Your goals should be to increase the autonomy of your team, be free and spend more time focusing on what’s important, and reconnect with your team in a meaningful and impactful way. Two changes can help you become a better leader:

• Work on the business, not in it. “In the weeds?” “Fighting fires?” Sound familiar? Stop micromanaging your business and start leading.  Mark your calendar and set aside recurring time every week for two things: 1) business strategy and 2) meeting and coaching your people

• Be a better coach. Rather than simply give marching orders, work on being a good listener, a great communicator and a source of motivation. Your people want to feel heard and understood, so start by really tuning in to what your employees are saying. Listen and provide guidance with a light touch.

You are guilty of voodoo hiring
The average cost a business spends on a bad hire is $15,000 so why do you use “voodoo hiring?” Voodoo hiring is a term used to describe the hiring process when it lacks transparency, consistency or a clear rationale. Voodoo hiring decisions seem mysterious or arbitrary as if influenced by magical or inexplicable forces. We call this “hiring by gut.” This happens when there's a lack of structured processes, objective criteria or a systematic approach to evaluating candidates. Decisions are based on personal biases, gut feelings, and subjective judgments rather than on a thorough assessment of skills and qualifications.

To make better hiring decisions, start a more rational and data-driven approach to hiring.

• Create a Scorecard: describes exactly what you want a person to accomplish in this role description of outcomes (not activities the candidate will be doing, but stuff they must get accomplished) and competencies (e.g., analytical skills, attention to detail, persistence, proactivity) that define the job well done; the scorecard is NOT a job description.
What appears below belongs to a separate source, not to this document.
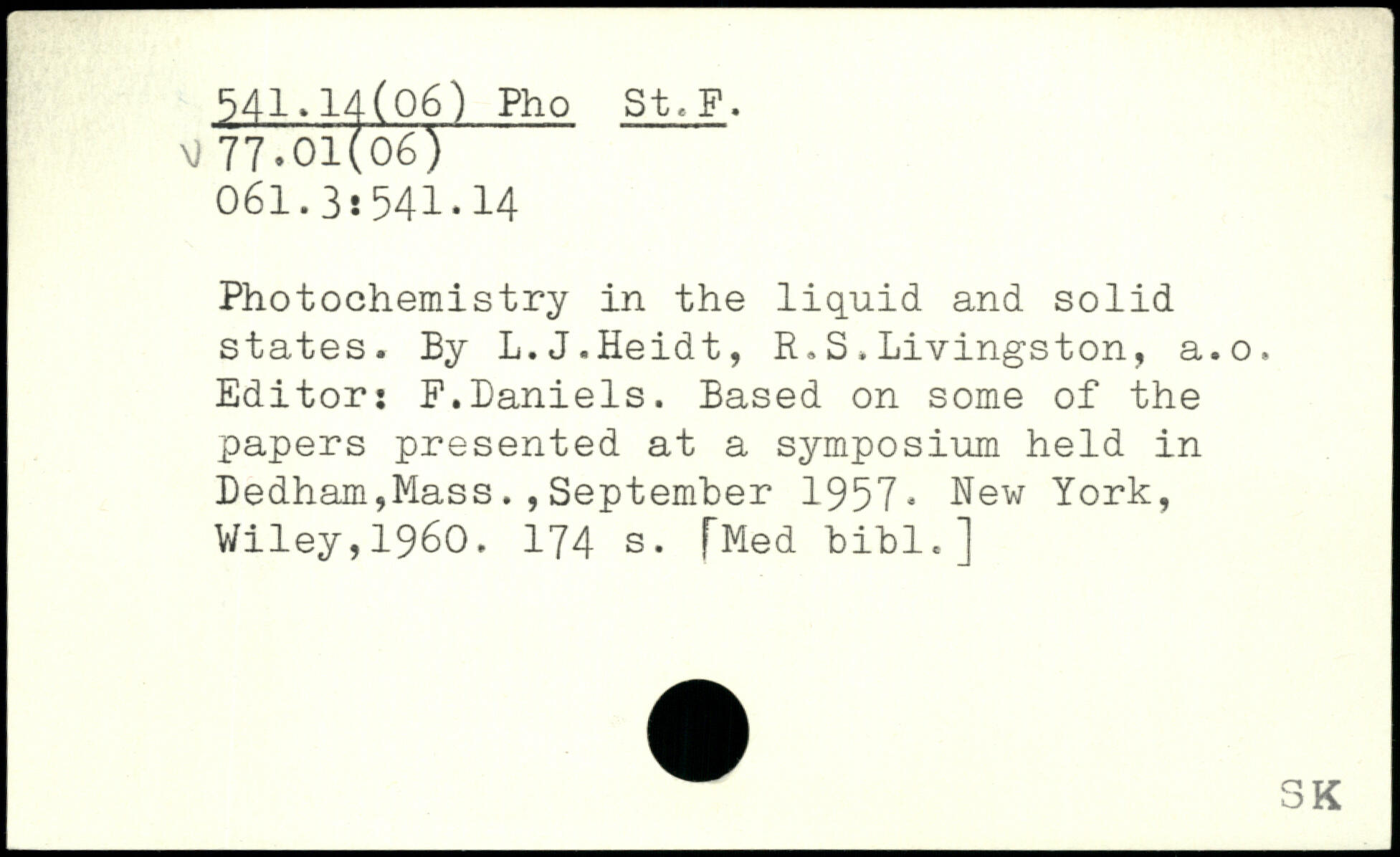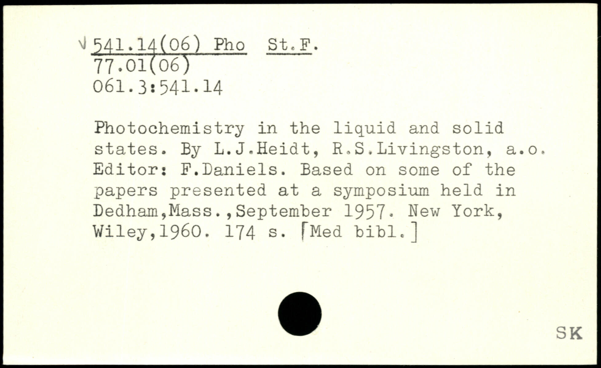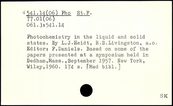 Photochemistry in the liquid and solid states. By L.J.Heidt, R.S.Livingston, a.o. Editor: F.Daniels. Based on some of the papers presented at a symposium held in Dedham,Mass.,September 1957.

• Interview with the Scorecard: as you interview the candidate, grade the candidate against your scorecard. How likely are they to achieve the outcomes? How well do they demonstrate the competencies you need? Finally, insist on references.
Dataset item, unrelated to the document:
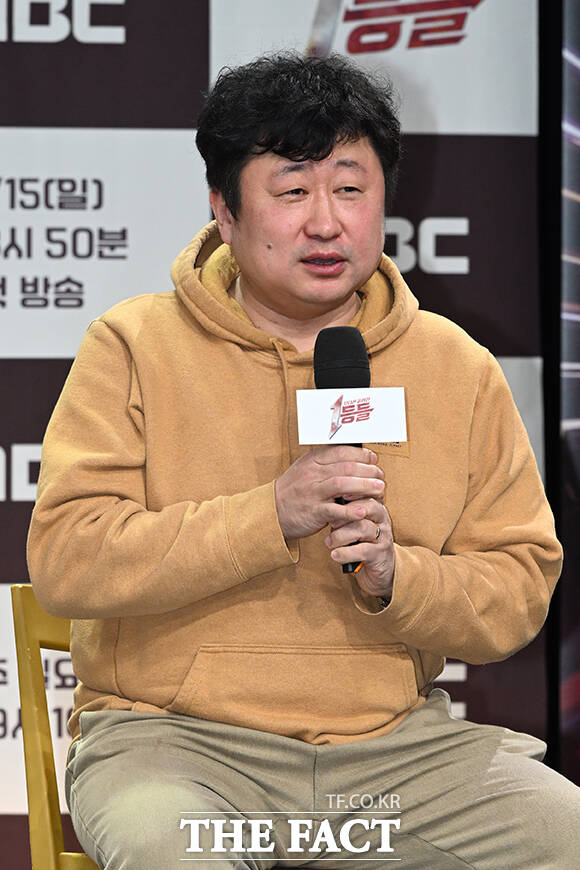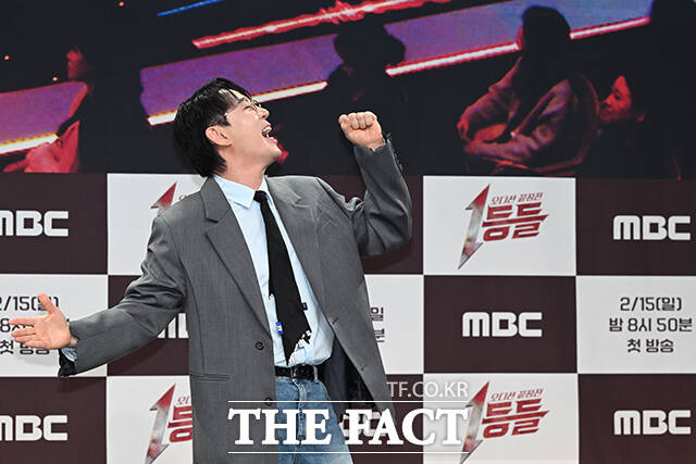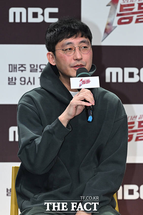 [더팩트 | 김성렬 인턴기자] 김명진 PD, 배우 이민정, 방송인 붐, 채현석 PD(왼쪽부터)가 11일 서울시 마포구 상암동 MBC 골든마우스홀에서 열린 새 예능 '1등들' 제작발표회에서 포즈를 취하고 있다.

• Conduct Reference Interviews: Take your Scorecard and interview your candidate’s previous managers. Check the claims your candidate made — does the manager corroborate what the candidate said? Be thorough. Most former managers will only share nice, superficial things. It’s your job to surface meaningful feedback.
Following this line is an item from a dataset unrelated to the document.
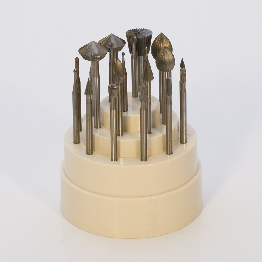 This 24 piece set offers the largest variety of wax burs available in a single set. All are Swiss made Tungsten Vanadium with deep flutes for carving wax when designing jewelry and other items. Our wax bur set is also excellent for woodworking and plastic. All burs have 3/32" shanks and approximately 44.5mm total length.

You are not demonstrating unique value

A Unique Value Proposition, or UVP, is a clear statement that communicates the unique benefits and value that your product or service provides to your customers. It answers the fundamental question: "Why should your customer choose your product or service over others in the market?" A compelling UVP differentiates your business from competitors and highlights what makes it special in a way that matters to the customers you want.

A good UVP typically includes:

• Unique: It identifies what sets your product or service apart from your competitors. Hint: claiming you're the “best” or “cheapest” won’t take you very far.

• Value: It communicates the specific benefits or solutions your customers will gain from using your product or service.

• Proposition: It is a concise statement that captures the essence of what your business offers and why it's valuable.

Without a UVP, your business is destined to get lost in the noise and at risk of competing on price, and price alone.

To set yourself apart from your competitors in a way that matters:

• Create a compelling UVP: Think of who are your best customers. These are the customers who pay you the most, the ones who keep coming back, and the ones who say good things about you. What is it about your product and service they highly value? This is the meat of your UVP.

• Communicate your UVP: You may have a UVP but do you communicate it clearly? Quick test. If a visitor goes to your website and doesn’t know your UVP in 5 seconds or less, then you aren’t clearly communicating your UVP.

Now what are you waiting for?

• • •

Michael Angiletta is a business coach with the North Idaho Small Business Development Center.